Read atau membaca menjadi suatu keharusan jika tidak ingin tulisan kita dangkal. Sebagaimana yang telah disinggung di atas, referensi dan luasnya pengetahuan kita menjadi modal untuk membuat tulisan yang bermutu.  Lalu Research (riset) di mana kita terlebih dahulu melakukan penelitian tentang hal-hal yang berkaitan dengan tema yang akan kita tulis. Dengan riset ini kita mendapatkan data dan fakta yang akurat. Namun kebanyakan kita terlalu malas untuk melakukan riset sebelum menulis.

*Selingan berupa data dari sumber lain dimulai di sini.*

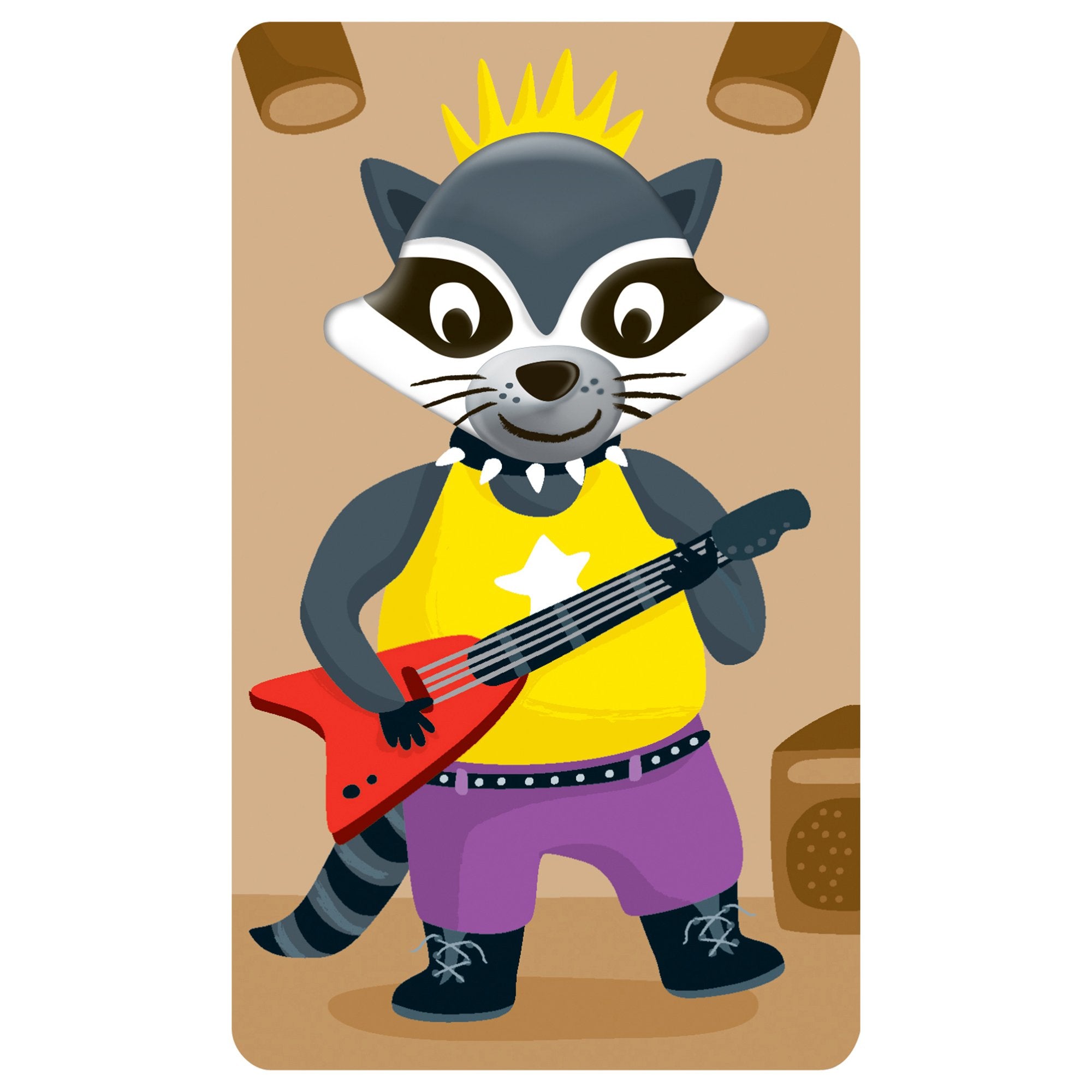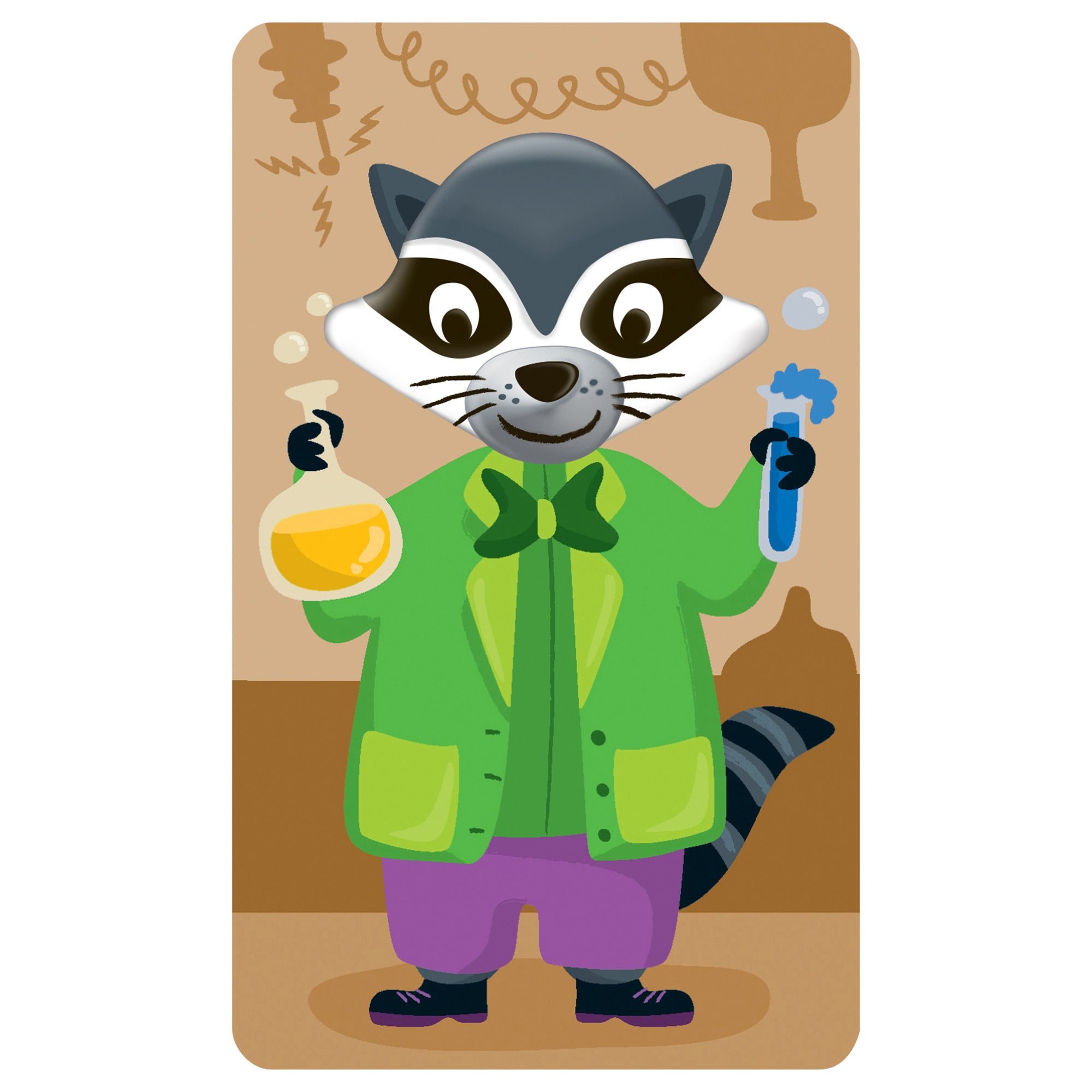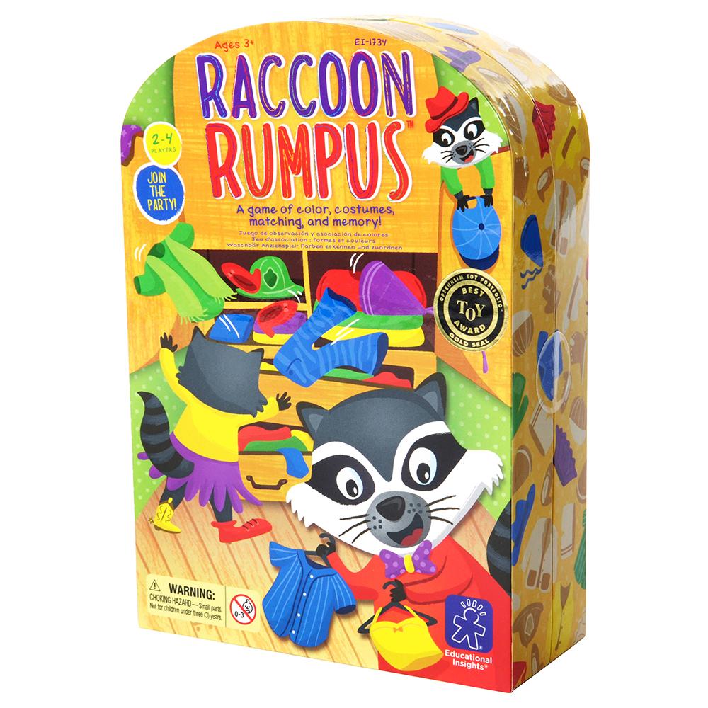 Includes 4 raccoon cards, 20 costume cards, jumbo color die, jumbo costume die, and multilingual instruction guide
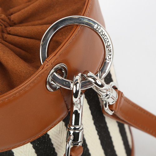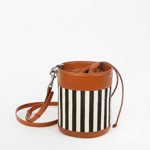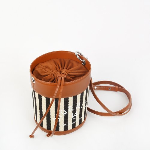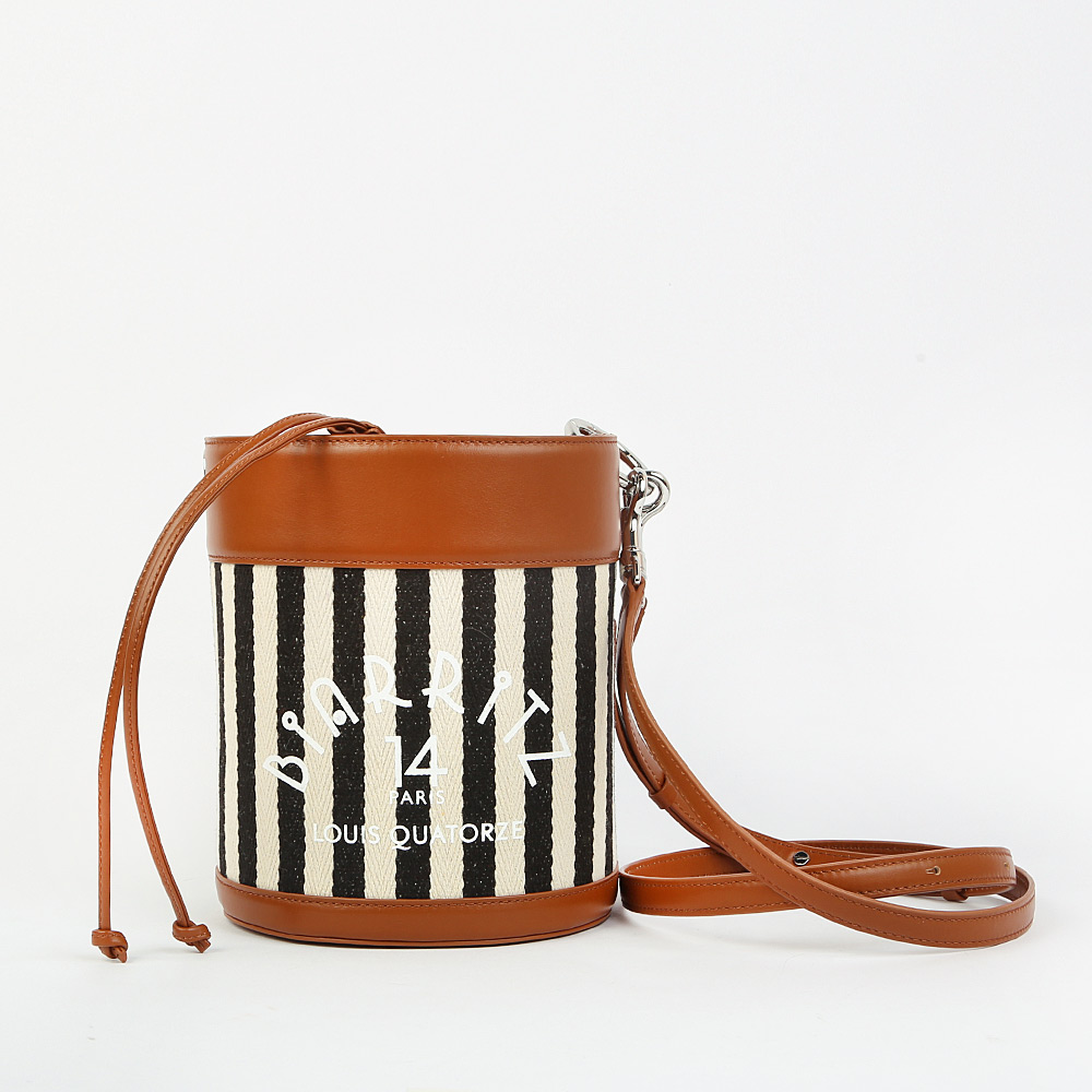 Сумка-ведерко BIARRITZ от корейского бренда LOUIS QUATORZE отличается необычным силуэтом и сохраняет вместительность при компактных размерах. Полосатый текстильный корпус визуально вытягивает силуэт сумки, эффектно гармонируя с кожаным основанием и верхом, который затягивается шнуром. В комплекте – съемный плечевой ремень.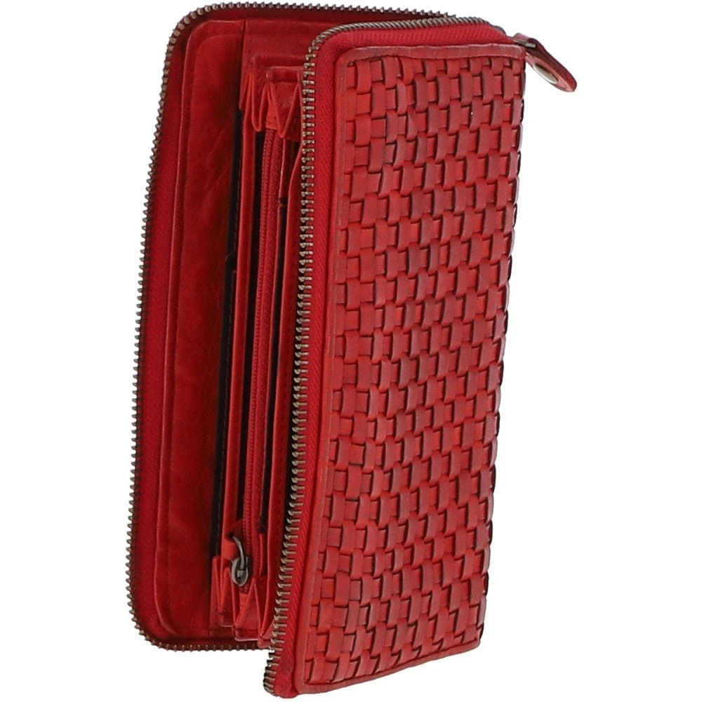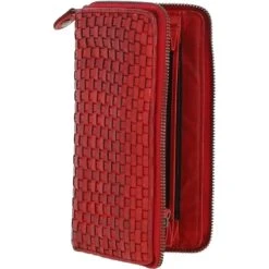 Vintage Woven Leather Zip Around Large 10 Card Coin Note Purse Red : D-81

Reliable adalah untuk memastikan bahwa tulisan itu benar. Ini memerlukan ketelitian seorang penulis. Bukan hanya soal pengetikan huruf-huruf, nama yang benar dan semacamnya. Tetapi juga cek kebenaran sumber data atau berita. Sedangkan Reflecting adalah bagaimana sudut pandang yang kita gunakan. Sudut pandang ini haruslah sesuatu yang berbeda, yang belum ditangkap oleh orang lain sehingga menarik untuk dibaca. Memang sudut pandang yang berbeda sering memancing polemik, kita tidak perlu takut akan hal itu.
"Jangan marah pada seorang penulis yang berbeda sudut pandangnya. reflecting adalah menghargai perbedaan," tandas Maman.
Terakhir adalah (W) rite, menulislah untuk kebenaran.  Dengan demikian kita membebaskan diri dari sebuah beban yang ada di dalam kepala.  Kebenaran harus diberitahukan dan dibagikan kepada orang lain. Kebenaran itulah yang membuat kita dapat memengaruhi orang melalui tulisan. Dengan 5 R ini, menulis tidak lagi menjadi kewajiban, melainkan sudah menjadi kebutuhan hidup.